Portrait in Jazz - The Perfect Record?


With working from home, I've been listening mostly to digital, but this morning I decided to really sit down and listen to some records and the first one was Bill Evans' Portrait in Jazz.  I've always liked Evans' music and recordings, but this just blew me away.  As perfect as you can get as far as performance, engineering, sonics and music.  Recorded in 1959, they only had one plate reverb to use and it made everyone sound like they're in the same room.  Once the digital reverbs came out, engineers went crazy with a different reverb on everything - Hello! Different reverb = different room.  Not exactly a recipe for cohesive sonics.  IMO, this was Bill at his best with his best trio - Scott LaFaro and Paul Motion. Not that Eddie Gomez and Marty Morrell were slouches.  Far from it.  Anyway - stop reading and go fish this out of your record rack. For you digital folks, the XRCD is not bad at all.  IMO the piano sound is not as pure, but that could be because of the limitations of my digital system. 
chayro
There is no one I like more than Bill Evans, not that I admire him more than anyone else, but he's certainly up there with the best (of many) for me. He happened to grow up a few towns away from me in NJ, we've had our fair share here. Yes, what a magic trio there!

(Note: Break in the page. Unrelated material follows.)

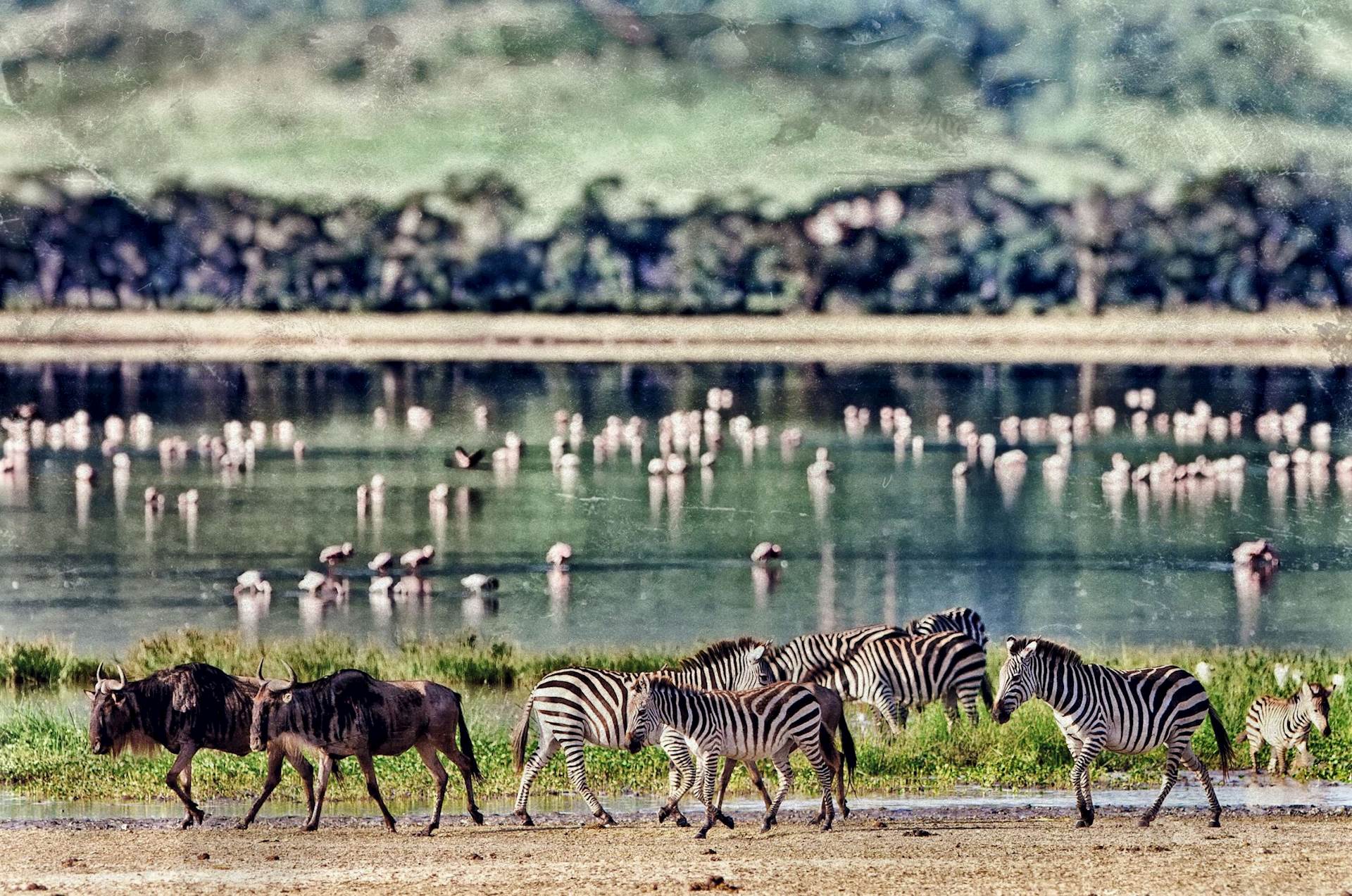 Ndutu is situated in the northern part of the Ngorongoro Conservation Area within the magnificent Serengeti. Lake Ndutu forms a shallow basin where water accumulates from the nearby areas of slightly higher altitude. The water in the lake is extremely saline, too saline for human consumption, but Lake Ndutu becomes alive with animals during the migration because it is surrounded by the Ndutu woodlands and the Short Grass Plains, which provide ample cover and food. From November to May, vast migratory herds visit the Ndutu area and provide a feast for the resident predators. Huge numbers of migratory birds come to the plains to feed and to escape the cold European winter. The lakes attract flocks of flamingos and other water birds. Animal viewing is excellent everywhere, as the surrounding landscapes are covered in sweeping grasslands which provide the perfect habitat for the migratory route for hundreds of thousands of wildebeest, antelope and zebra. Other commonly spotted species include leopard, lion, cheetah, caracal, serval, African wildcat, and a variety of prolific birdlife.

Agree - spectacular music.  I am lucky to have a very nice vinyl version in mono.   Avoids the piano on one speaker and bass/drums on the other speaker.  Side 1 is on my list of best sides of an LP. One great track followed by another.
Actually, the version I have had the piano panned center.  But every stereo BD record seems to have the drums left with the hihat full right for some reason.  They must have insisted on this because no engineer would ever pan drums like that. Makes the drums sound weird if you know what it's supposed to be.  My guess it they wanted everybody to know it was "stereo" and went for a ping-pong effect.  
I was probably thinking of my stereo version of Waltz for Debby.  Thanks for correcting me.  In any event, the music of Portrait in Jazz is perfect mono or stereo - of course in my opinion.  
They were in the same room.
That's how those albums were recorded and that's why they sound so good.